For Yildirim, after the initial shock of having escaped death, the days now seem long. “We spend them sitting around, thankful to be alive. We try to find food and eat something, and to help those around us (...) We can’t do anything. We think about the dead and how we have survived. We try to calm each other down. And we think about this burden that God has placed on us,” she says while standing in line with a friend of the same age, Havanur Hamzaoglu, to recharge their cellphones at collective sockets powered by an electric generator on the street. Although the battery will be full again shortly, Arel does not feel like spending much time online. “The news is terrible all the time.”
Mirroring Yildirim’s fears, very few people in Islahiye are risking staying under a roof that could become lethal in an aftershock, explains Gorkem Sengul, a 24-year-old volunteer from the Turkish city of Izmit (which suffered an earthquake in 1999). Most sleep in tents, in their car or directly in the street, where groups of people can be seen warming themselves in front of a bonfire or idling away the hours. Two camps with 3,500 tents have been set up in the area.
Onder Kiziltas, a 24-year-old volunteer, ranks the needs. The first thing are the toilets, he says, showing a picture of a squat toilet (common in this region) clogged and overflowing with dirty water. The second most pressing issue is finding generators, “especially for those who do not have a tent and are on the street.” He also points to the problem of diesel, which is preventing some people from leaving with their families to another part of the country. “You have to travel many kilometers to get to a gas station that has it,” he explains. At the one that connects Islahiye with the city of Sanliurfa, some cracks have been formed by the earthquake.

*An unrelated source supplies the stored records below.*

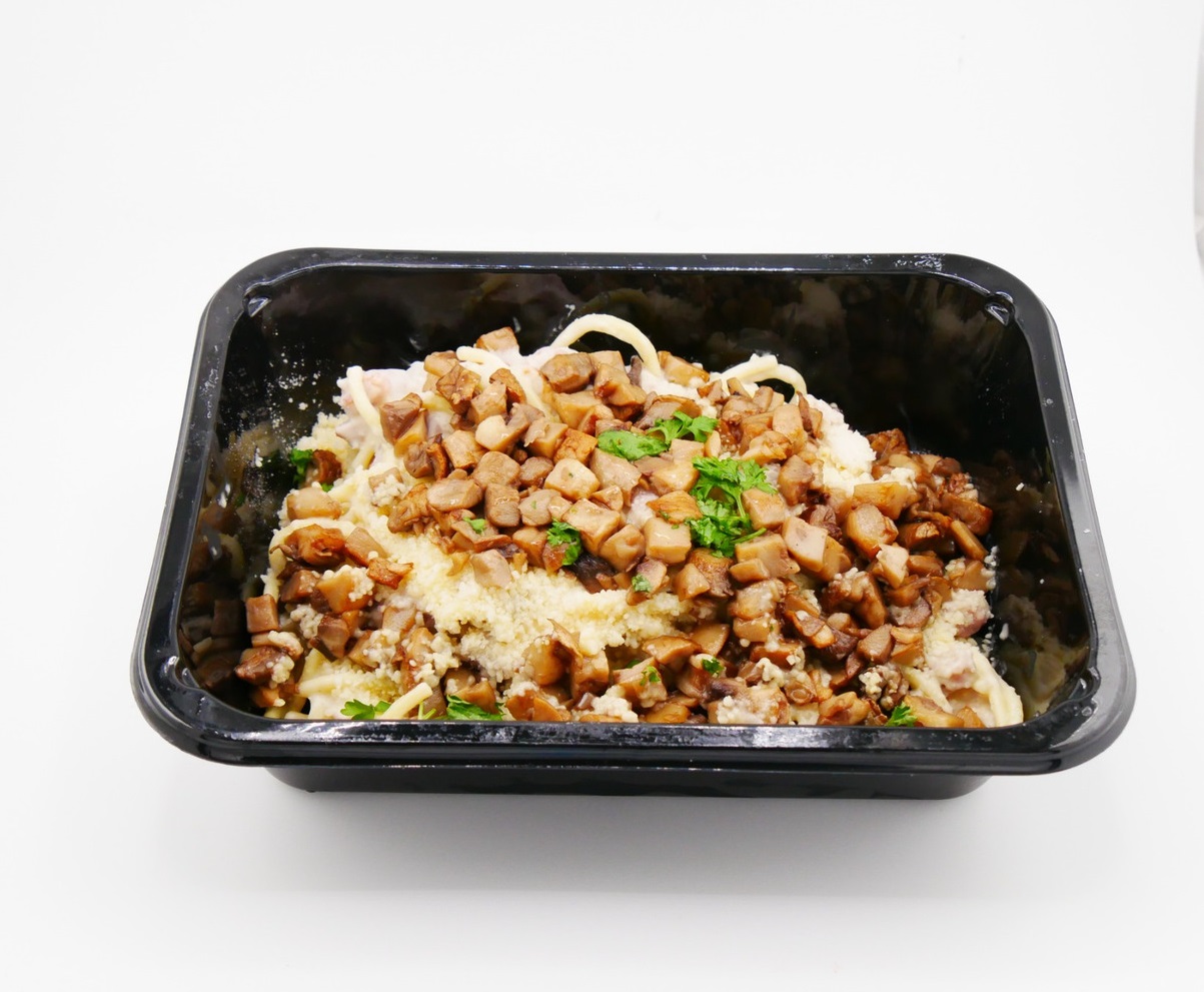 Bereiding: Het bakje met folie (gaatje in de folie prikken) 4 minuten op 750W verwarmen in de magnetron of 25 minuten op 95 graden in de oven verwarmen .
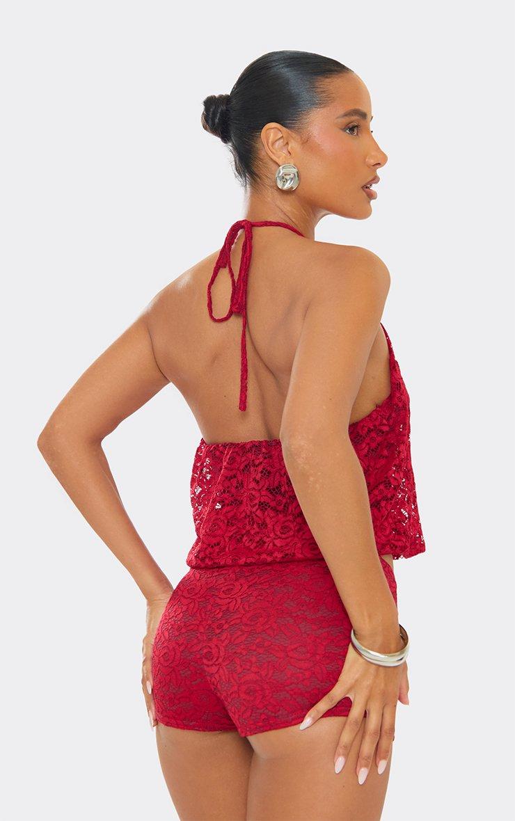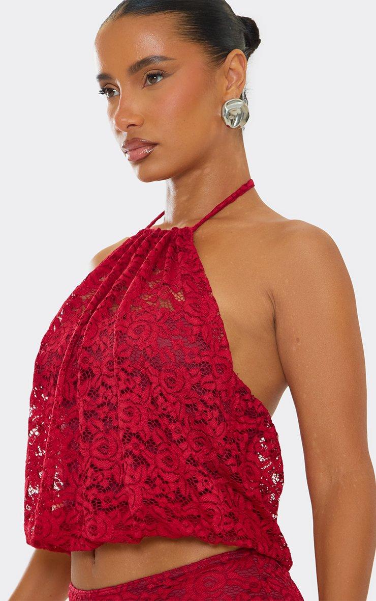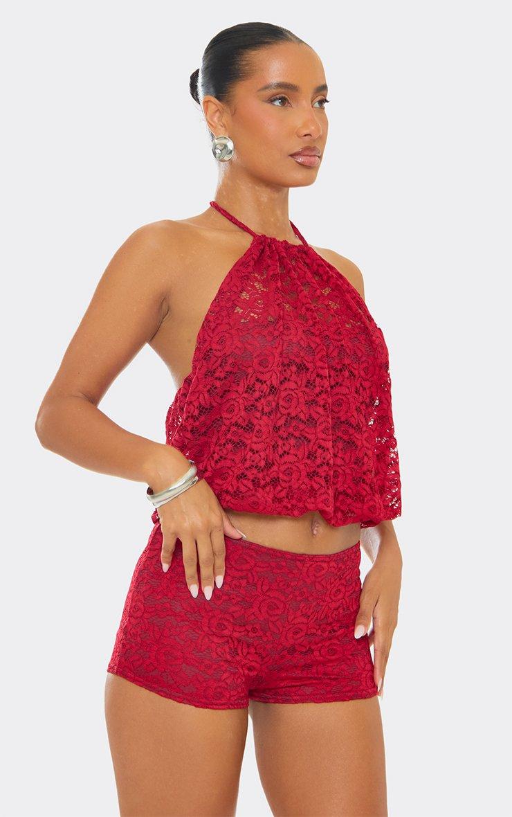 Racer Neck Puffball Detail Crop Top In Red Lace
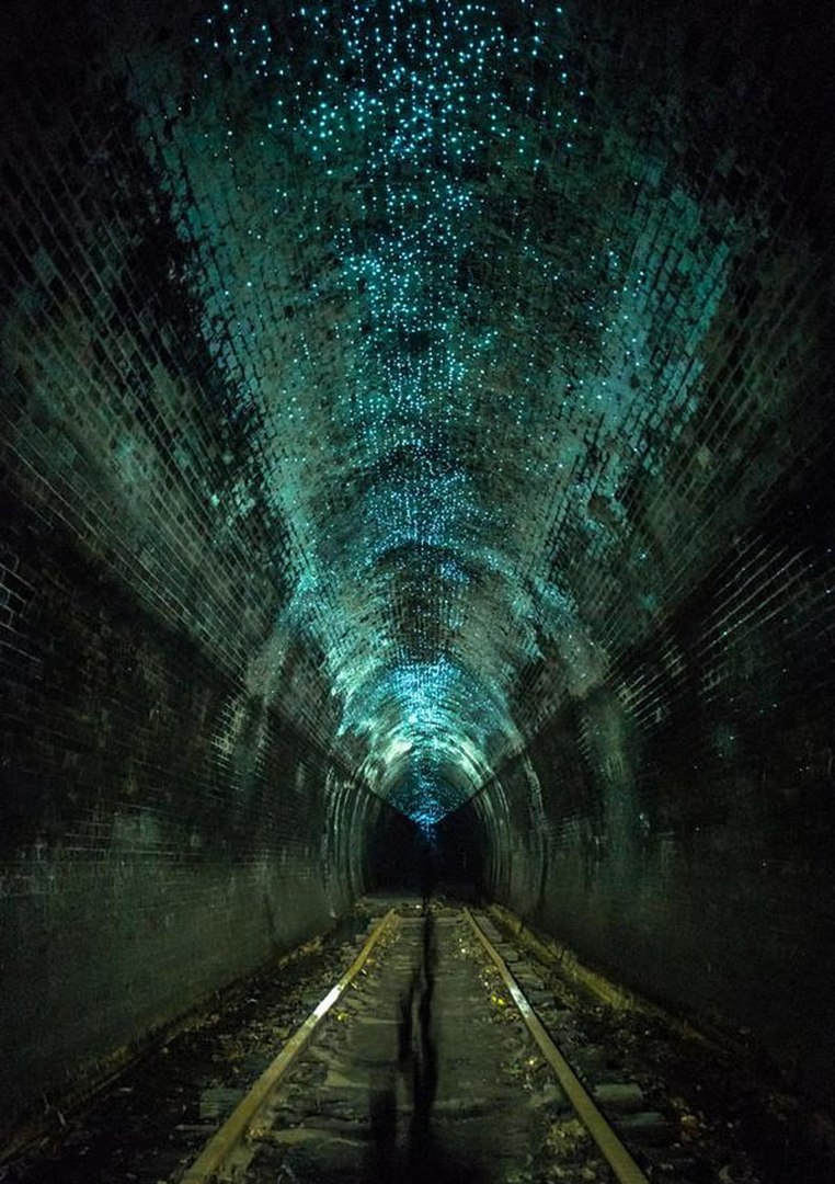 Заброшенный тоннель в Хеленсбурге, Австралия, в котором живет колония светлячков.Вид днем и вид ночью4 फोटो
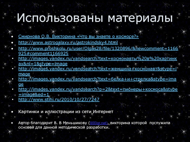 Смирнова О.В. Викторина «Что вы знаете о космосе?»
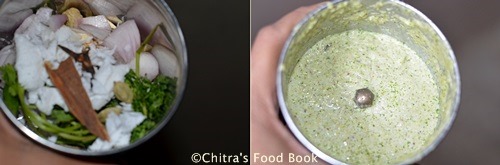 - Grind all the ingredients given under “to grind” to a smooth paste adding water. Set aside.
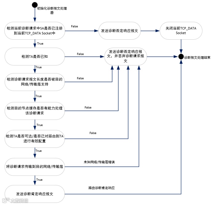 路由激活完成之后,诊断仪即可以通过该TCP_DATA Socket与ECU进行诊断通信,同样在ECU接收到诊断请求后会按照下图所示流程进行判别处理,若所有判别均满足要求,ECU会回复诊断肯定响应及诊断响应报文,或者向目标网络转发该诊断请求。
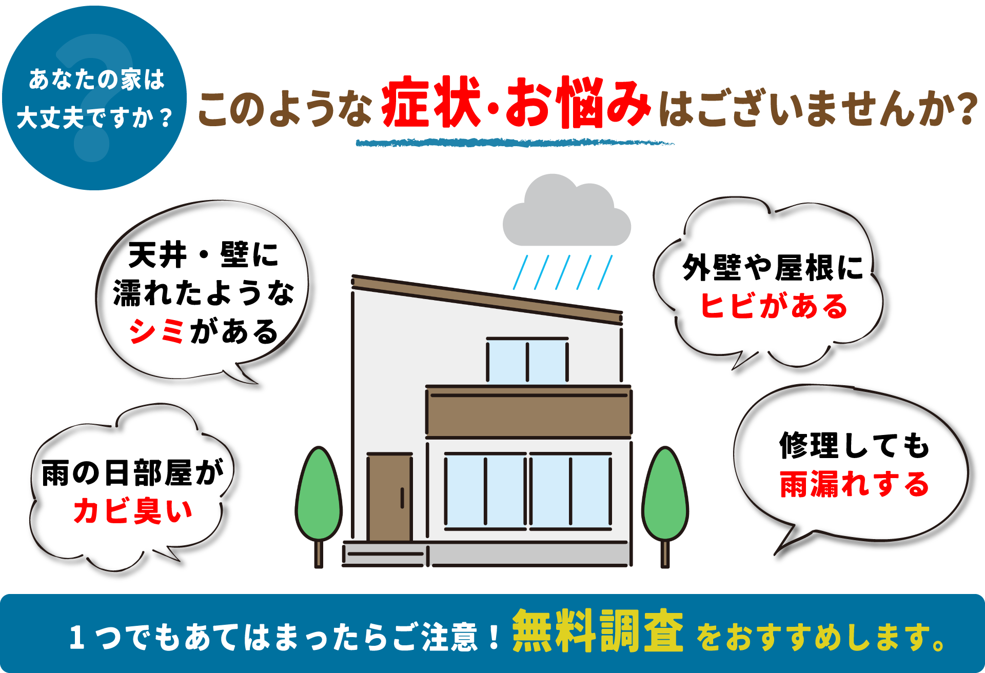 雨漏れの原因は一つだけではなく、様々な原因が考えられます。瓦の破損や外壁部分の隙間、ベランダの防水材の劣化、窓回りのコーキングの劣化など建物に深刻な被害をもたらします。雨水が建物内部に侵入すると、建物の天井や柱、梁、壁の内部を汚染していき、その部分からカビが発生し腐食し、補修には多額の費用がかかります。
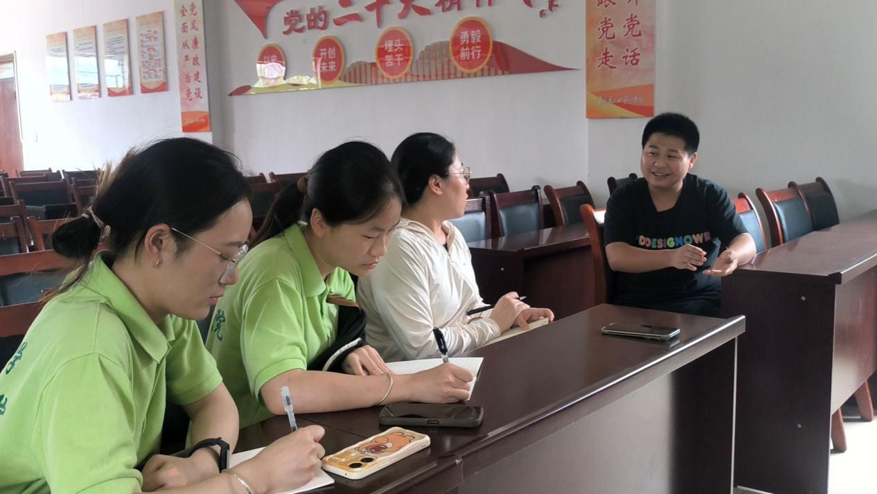 7月8日,师生团队与夹滩社区党委书记肖平、综合服务专干黄家宏及综合服务专干何敏等工作人员进行了深入交流与访谈。肖平向师生团队介绍了夹滩社区闲置宅基地盘活利用的设想,并提出了民宿景观设计的总体需求;何专干向师生团队介绍了夹滩社区闲置宅基地的具体情况;黄专干对民宿选址与院落景观设计提出了需求,希望团队能设计出与当地村貌相适宜且有创意的民宿。
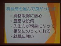 休憩時間に本校の学校案内パンフレットが配布され、科学技術高校の各学科の内容などを読んでくれていました。
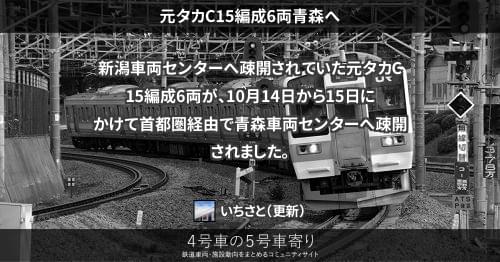 211系(東) 元タカC15編成6両青森へ 新潟車両センターへ疎開されていた元タカC15編成6両が、10月14日から15日にかけて首都圏経由で青森車両センターへ疎開されました。 2015/10/14 2015/10/17 いちさと 211系(東)
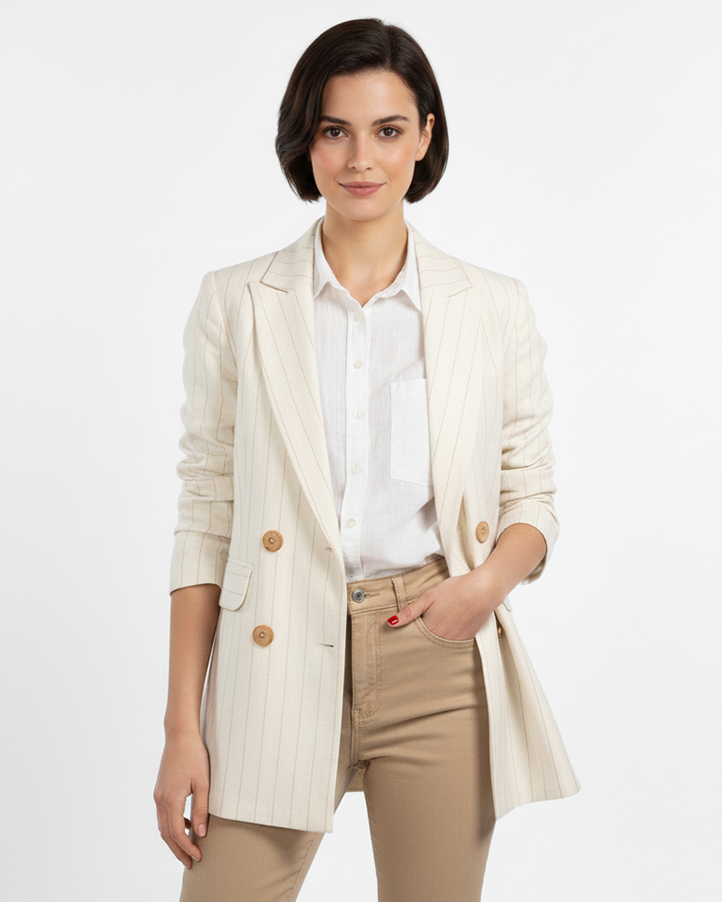 - کتان: برای کتهای اسپرت زنانه و تابستانی، کتان انتخابی عالی است. این پارچه طبیعی، خنک و با دوام است و ظاهری کژوال و شیک دارد.
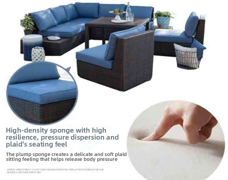 Balcony rattan furniture garden courtyard leisure rattan chair outdoor American country L-shaped corner combination sofa coffee table
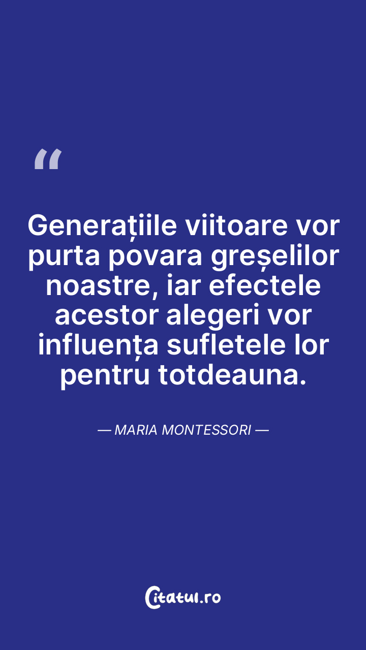Generațiile viitoare vor purta povara greșelilor noastre, iar efectele acestor alegeri vor influența sufletele lor pentru totdeauna. Maria Montessori
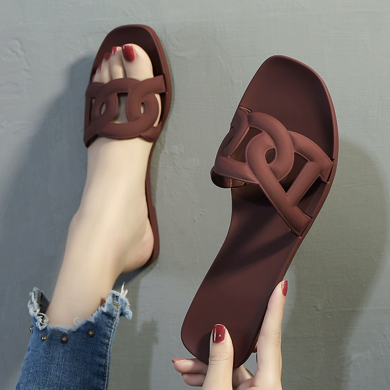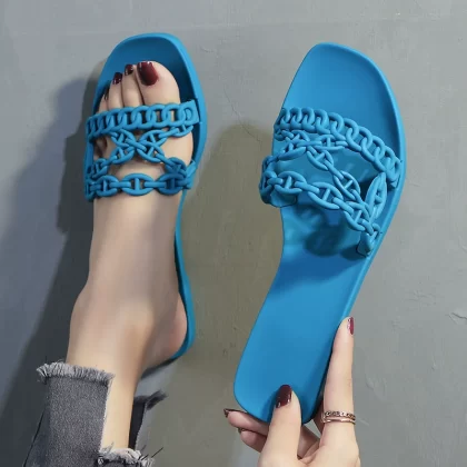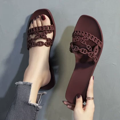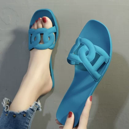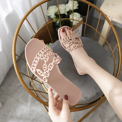 Summer new three-belt chain pig nose beach flat sandals women's pvc plastic one-word jelly shoes
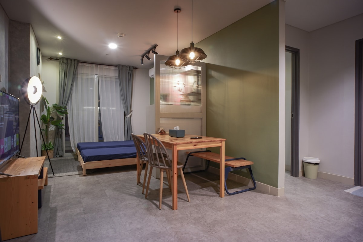 Surabayanın ən böyük ticarət mərkəzinə əlavə edilmiş rahat və dəbli studiya mənzili. Supermarketə, hər növ restorana və şəhərin ən uzanan kafesinə asan giriş imkanı. Bu məkanda qonaqlamanız üçün lazım olan hər şey var: böyük çarpayı, isti duş, Netflix, televizor, Wi-Fi dan soyuducusu. Daha əvvəl gələn və ya qonaqlayan başqa qonaq olmadığı təqdirdə giriş və çıxış vaxtı uyğunlaşan ola bilər ( erkən giriş saat 10-dan və ya 14.00 -a qədər gec çıxış). Əlavə çarpayı mövcuddur. Görüşərik 😁
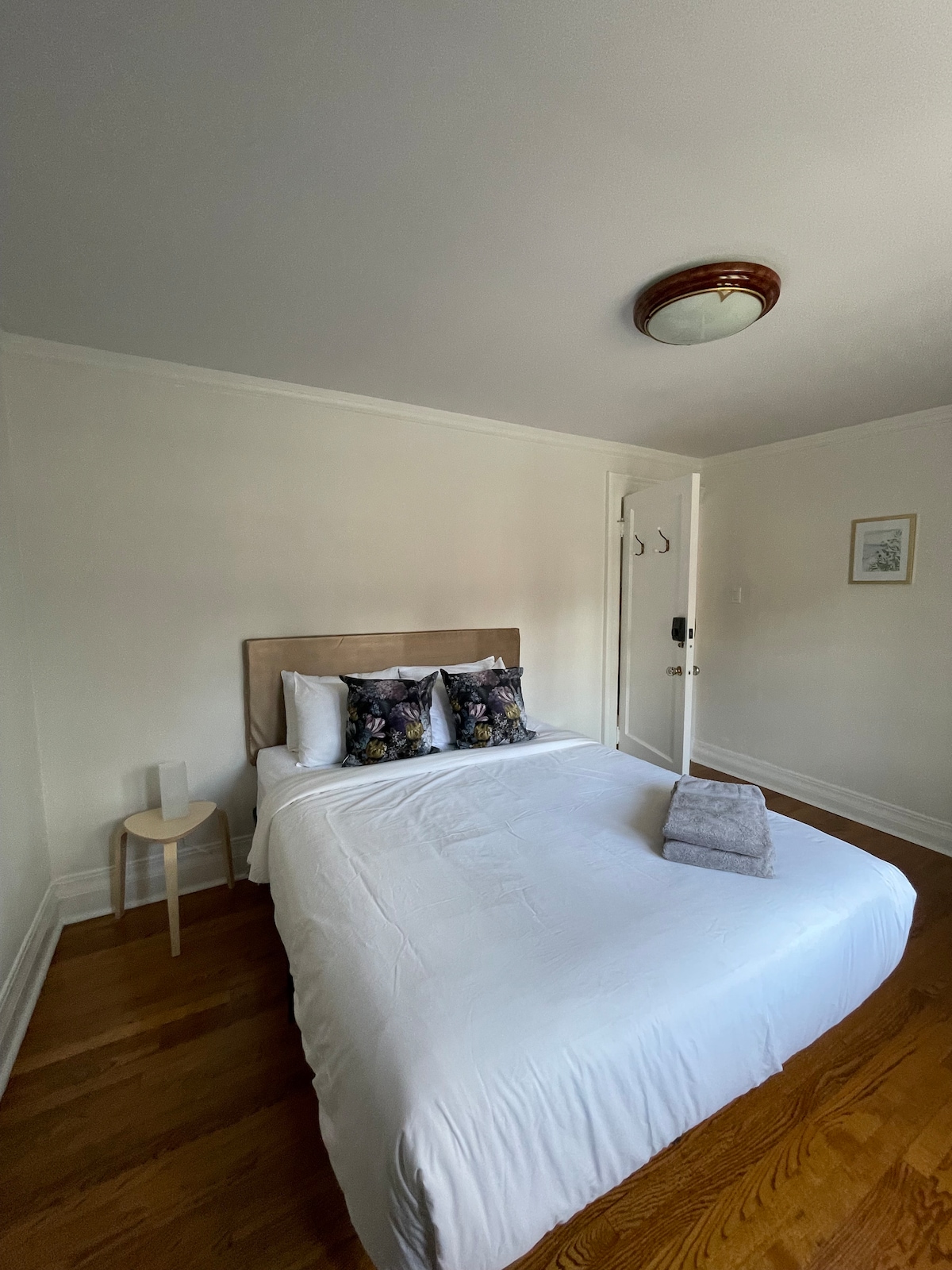 You won’t want to leave this charming, one-of-a-kind place. Private second floor room with a loft bed area with queen bed with en-suite bathroom (shower/toilet/sink) + balcony. Cotton linens and towels. 24 hr. Snack/breakfast station. K-cup coffee (caffeine + decaf.) and tea (herbal + black)maker plus minifridge are conveniently located in the room. Located in the centre of our city’s capital! The room has Maple floors, two dressers, hangers and workspace/dining table. Netflix and streaming
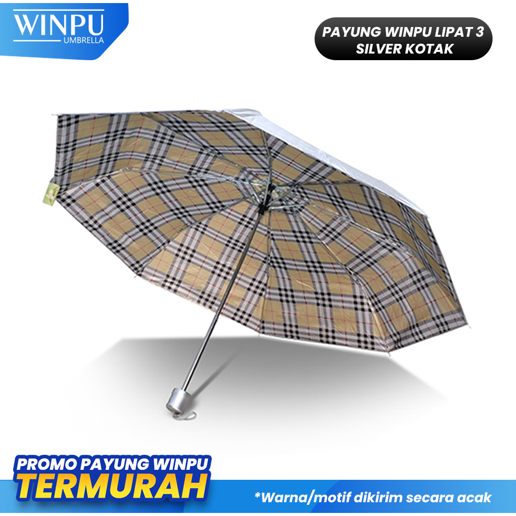 WINPU payung lipat 3 murah motif silver kotak tebal bagus obral termurah
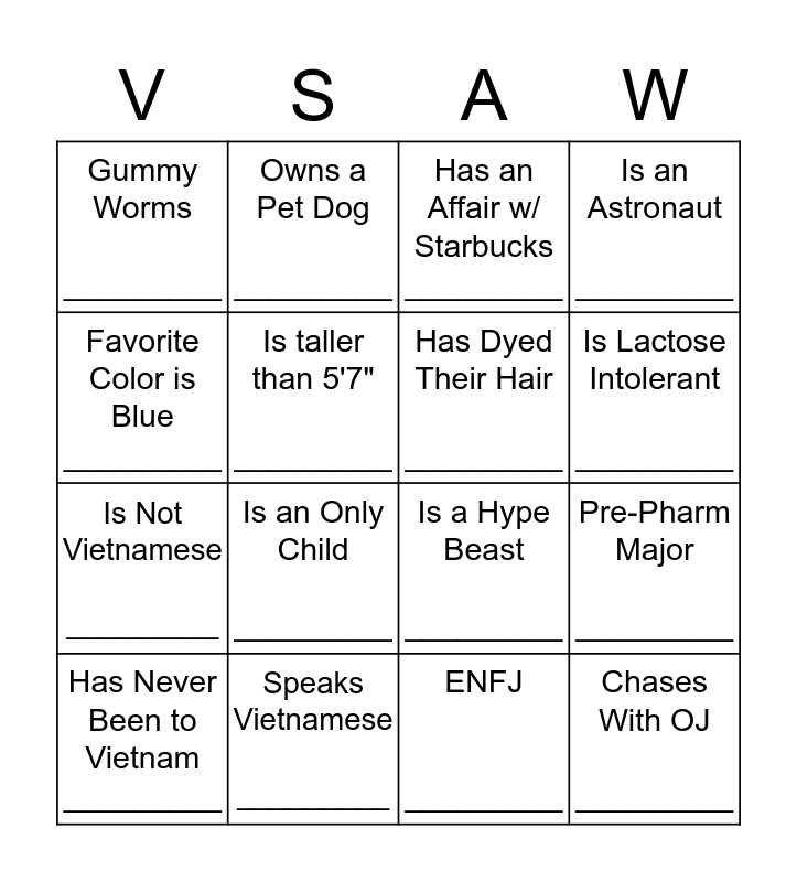 This bingo card has 16 words: Speaks Vietnamese _________, Pre-Pharm Major _________, Has an Affair w/ Starbucks _________, Gummy Worms _________, Is Not Vietnamese _________, Owns a Pet Dog _________, Is a Hype Beast _________, ENFJ _________, Favorite Color is Blue _________, Is taller than 5'7" _________, Has Never Been to Vietnam _________, Is an Astronaut _________, Is an Only Child _________, Is Lactose Intolerant _________, Has Dyed Their Hair _________ and Chases With OJ _________.

There is also a Kurdish population living in this area. Reving Sagvan, a doctor sent over by the Ministry of Health of the Autonomous Goverment of Iraqi Kurdistan, points out that in addition to the usual problems in these cases, such as hypothermia, respiratory tract infections or dehydration, some patients with chronic problems are no longer able to take their medication: they left it at home when they ran out and can no longer get it back.
The earthquake has exacerbated the situation faced by Syrian refugees from the civil war. Turkey, the country that hosts the largest number (3.7 million), has gone from treating them as “brothers” and “guests”– as President, Recep Tayyip Erdogan used to describe them – to having returned more than 500,000 since 2016 and wanting to repatriate a million more with a volunteer return plan that has been criticized by human rights groups.
Nura Taha, who is Syrian, does not bite her tongue – and soon pays the price. She says that she was only placed in a tent after spending a night in the open, after the Turkish population had already received them, and that she was treated with indifference when she asked for one because, even though she speaks Turkish, the locals can tell by her clothing where she is from. “The earthquake has not distinguished between Turks and Arabs, but they always discriminate against us. Every time there are problems, they blame us for it. The situation was already very difficult and now more so,” she says. But the alternative, she admits, is worse: returning to her home province, Idlib, which is controlled by Hayat Tahrir Al Sham jihadists, and “die because they see me smoking a cigarette.”
As she is complaining, a Turkish man who understands Arabic steps in to accuse her of tarnishing the image of a country that she should be “thankful to” for giving her food and water just like Turkish survivors are receiving. Shortly afterwards, a service worker comes over to deliver diapers, clothes and candy.